## [WORK TO COMPLETE]
Without any pictures, retype exactly the lines that begin at the one holding "Eco-friendly outdoor standing" and end at the last line of the data below.

## [AVAILABLE DATA]
^^^^^^^^
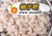 2莲藕去皮,切丁,汆水2分钟,控干备用。
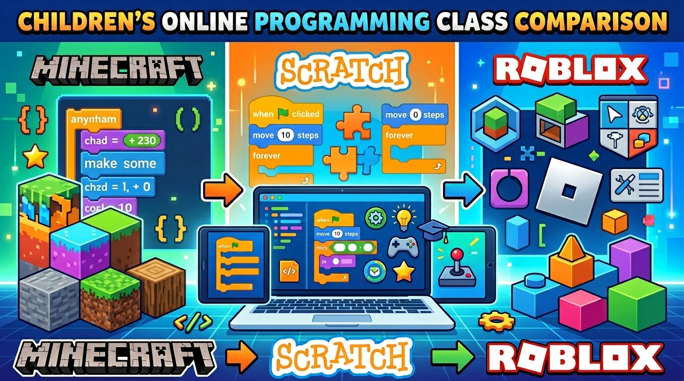 本記事では、子ども向けオンラインプログラミング教室をマイクラ・Scratch・Robloxで比較する考え方を、年齢・興味・PCスキル・次の学習段階という4つの軸からわかりやすく整理します。(専門知識は不要です!)
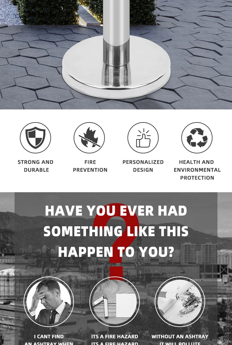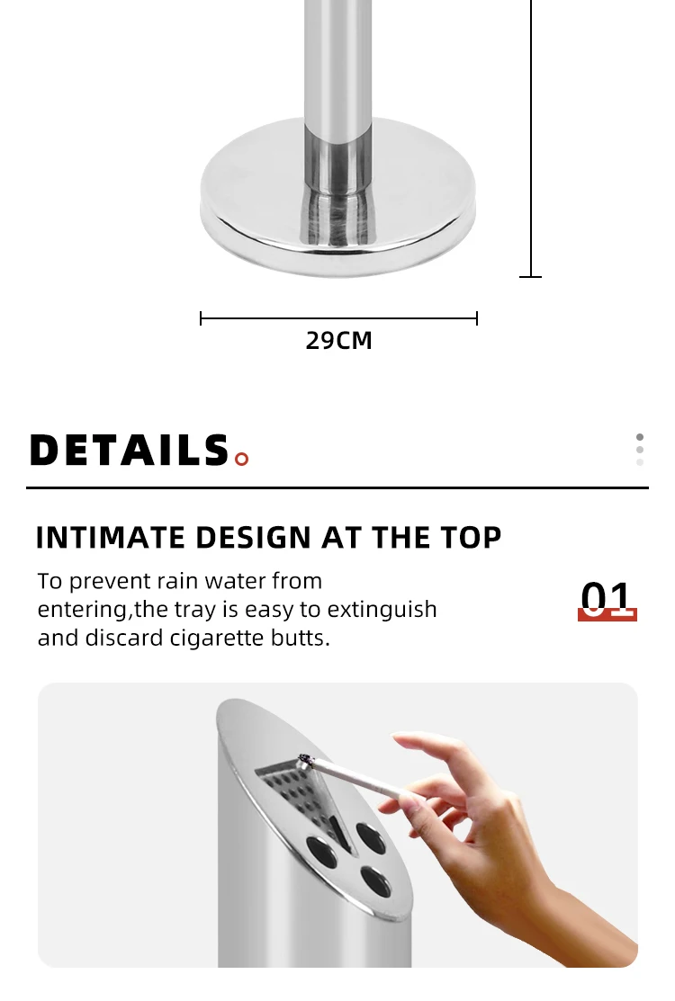 Eco-friendly outdoor standing ashtray made of high-quality stainless steel with a modern round design. Perfect for streets, hotels, and public spaces. Features a durable build and customizable surface finishes—mirror, satin,with optional logo personalization.
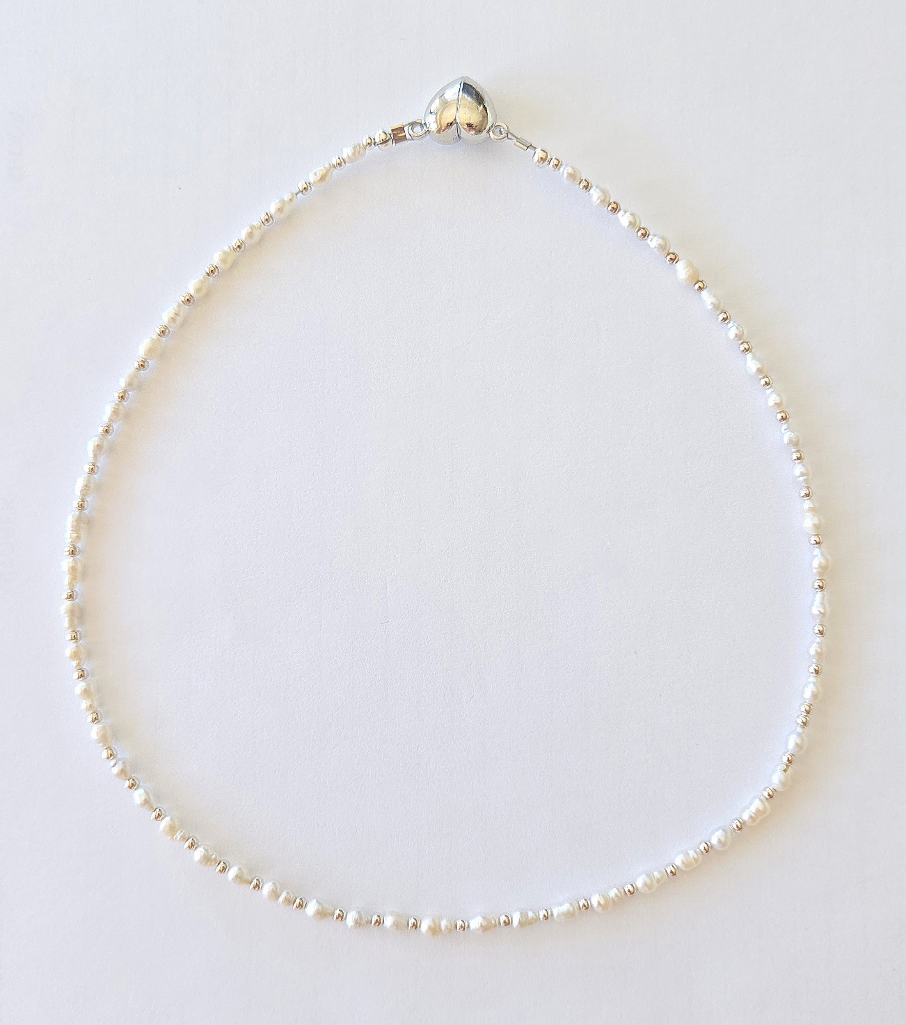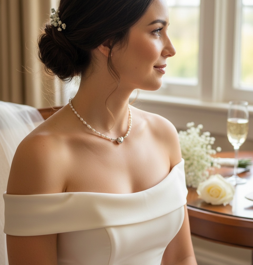 Naszyjnik ,,Czystość Pereł" to delikatna, eteryczna nić utkana z najdrobniejszych pereł - niczym zbiór cichych obietnic i najszczerszych westchnień. Każda perełka, mała i nieregularna, symbolizuje wyjątkowość i piękno chwil, króre składają się na całe życie, a także te chwile, które doprowadziły Was do ołtarza.
^^^^^^^^
## [OUTPUT FOR THIS EXERCISE]
 Eco-friendly outdoor standing ashtray made of high-quality stainless steel with a modern round design. Perfect for streets, hotels, and public spaces. Features a durable build and customizable surface finishes—mirror, satin,with optional logo personalization.
 Naszyjnik ,,Czystość Pereł" to delikatna, eteryczna nić utkana z najdrobniejszych pereł - niczym zbiór cichych obietnic i najszczerszych westchnień. Każda perełka, mała i nieregularna, symbolizuje wyjątkowość i piękno chwil, króre składają się na całe życie, a także te chwile, które doprowadziły Was do ołtarza.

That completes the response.